» **What needs to be done**: Pictures in the entries below are excluded; copy only the lines from the one containing "빈티지 프랑스 스타일" to the one containing "First, Mjau thinks", both included.

» **Input for this task**:

• • • • • • •

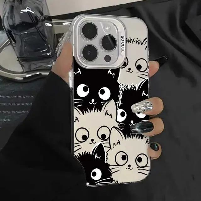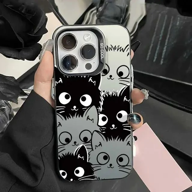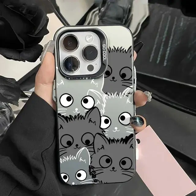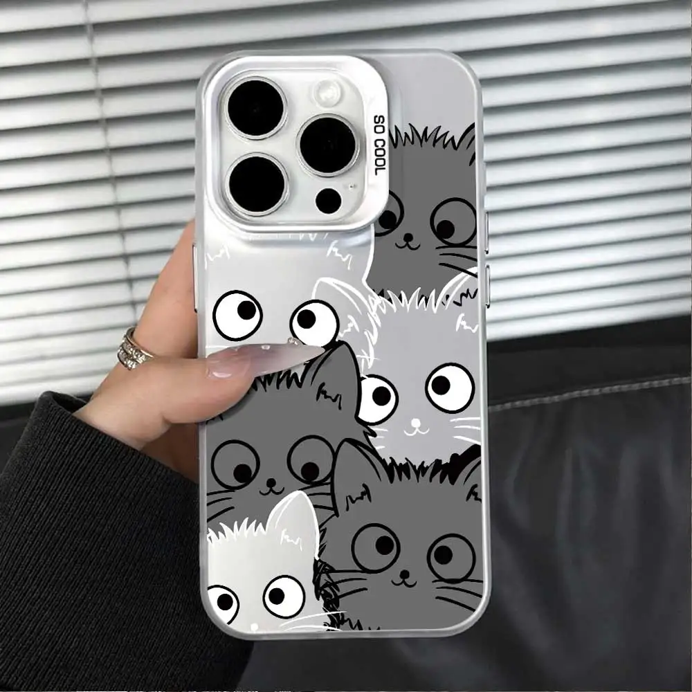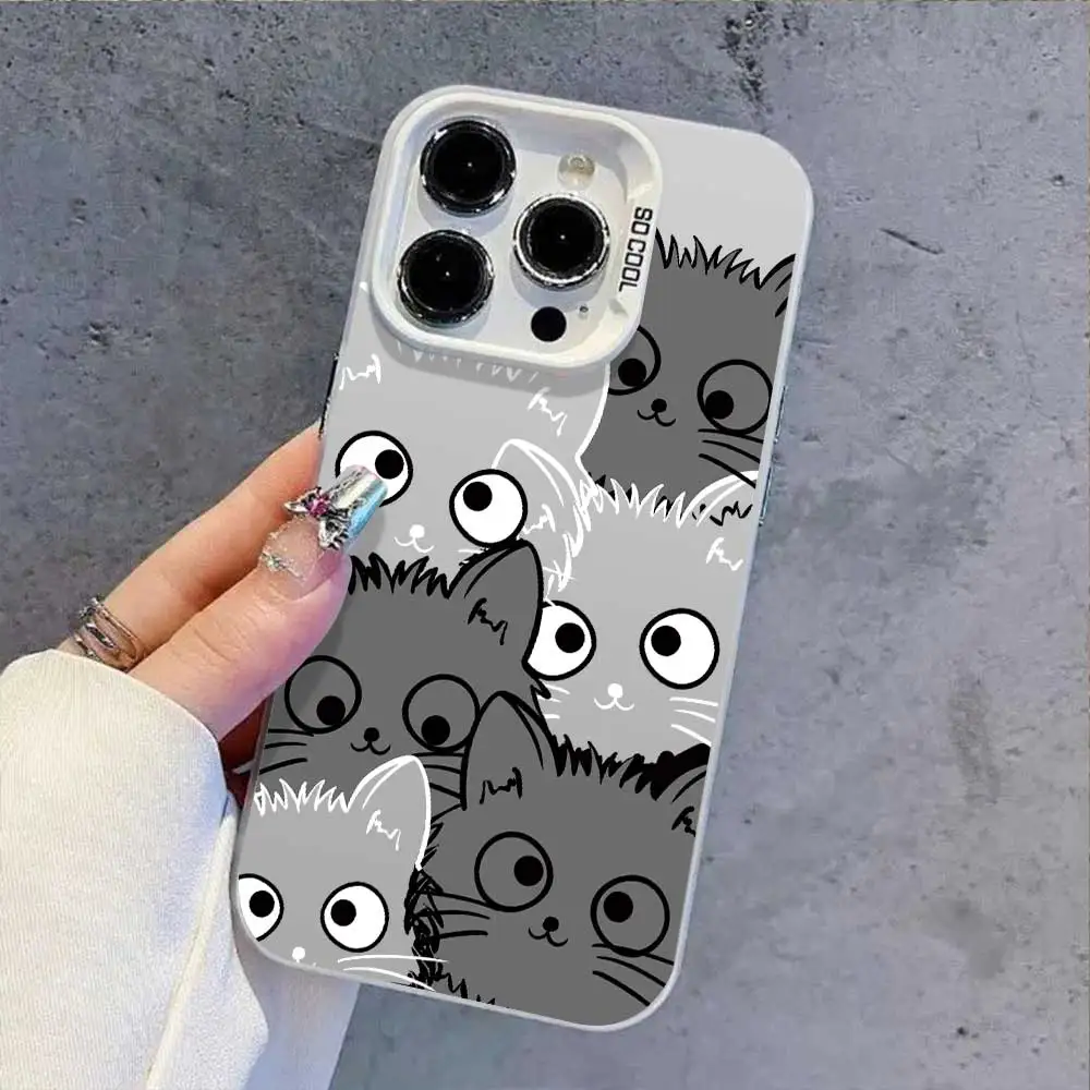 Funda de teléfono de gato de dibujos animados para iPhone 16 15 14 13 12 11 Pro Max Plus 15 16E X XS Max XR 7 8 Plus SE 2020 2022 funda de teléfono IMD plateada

• • • • • • •

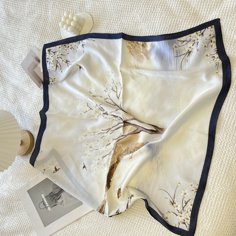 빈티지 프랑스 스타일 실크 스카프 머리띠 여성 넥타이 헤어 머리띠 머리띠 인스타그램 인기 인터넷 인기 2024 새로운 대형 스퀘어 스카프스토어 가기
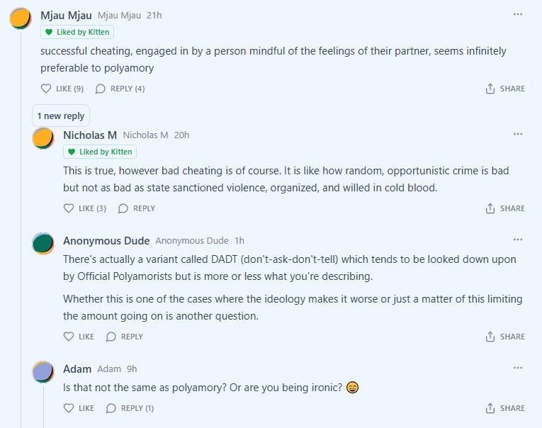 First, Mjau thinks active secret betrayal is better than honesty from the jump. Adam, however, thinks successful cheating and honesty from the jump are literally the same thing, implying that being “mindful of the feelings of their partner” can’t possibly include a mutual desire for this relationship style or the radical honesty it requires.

• • • • • • •

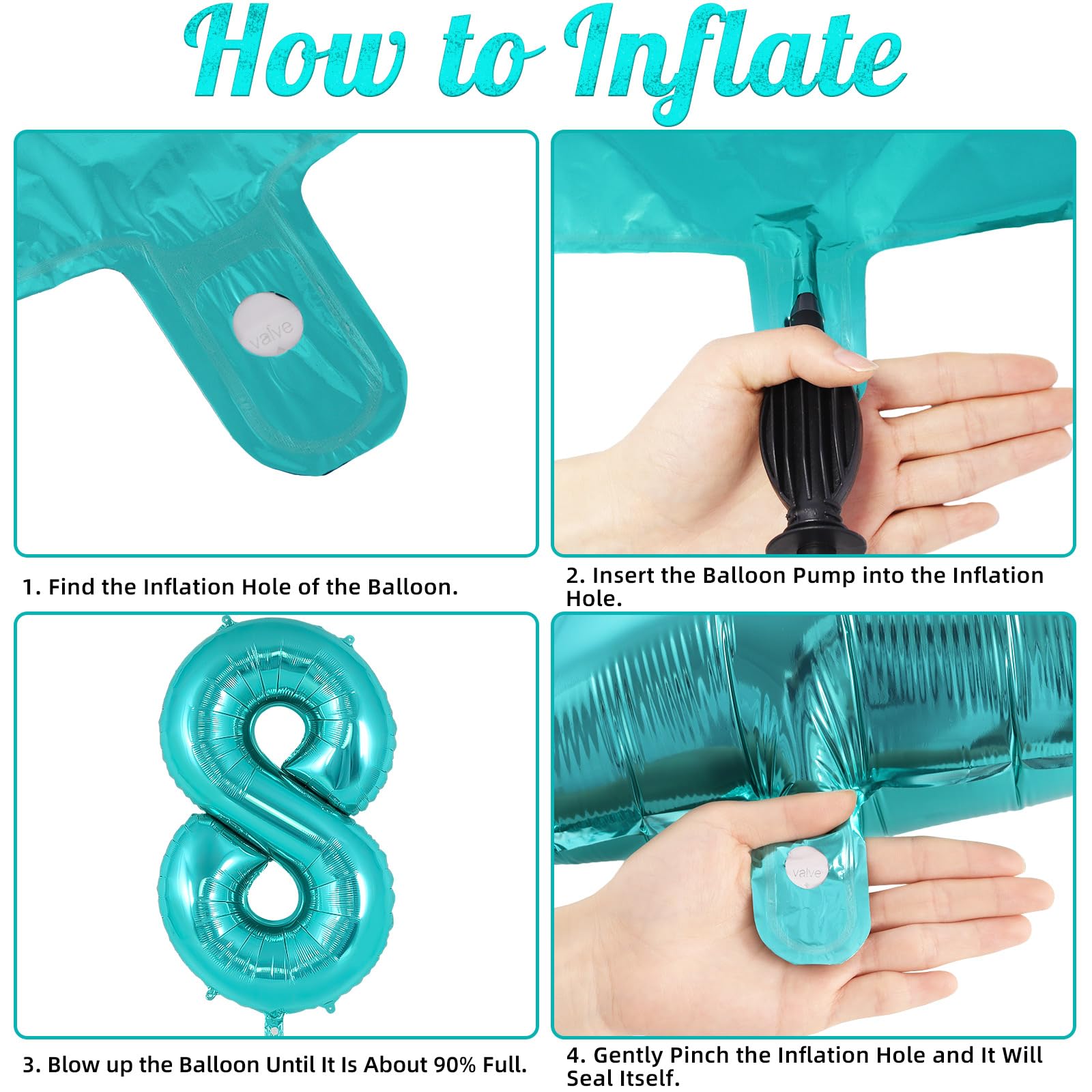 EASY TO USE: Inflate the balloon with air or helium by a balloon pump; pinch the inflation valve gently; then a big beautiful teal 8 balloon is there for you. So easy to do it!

• • • • • • •

» **Result of this exercise**:
 빈티지 프랑스 스타일 실크 스카프 머리띠 여성 넥타이 헤어 머리띠 머리띠 인스타그램 인기 인터넷 인기 2024 새로운 대형 스퀘어 스카프스토어 가기
 First, Mjau thinks active secret betrayal is better than honesty from the jump. Adam, however, thinks successful cheating and honesty from the jump are literally the same thing, implying that being “mindful of the feelings of their partner” can’t possibly include a mutual desire for this relationship style or the radical honesty it requires.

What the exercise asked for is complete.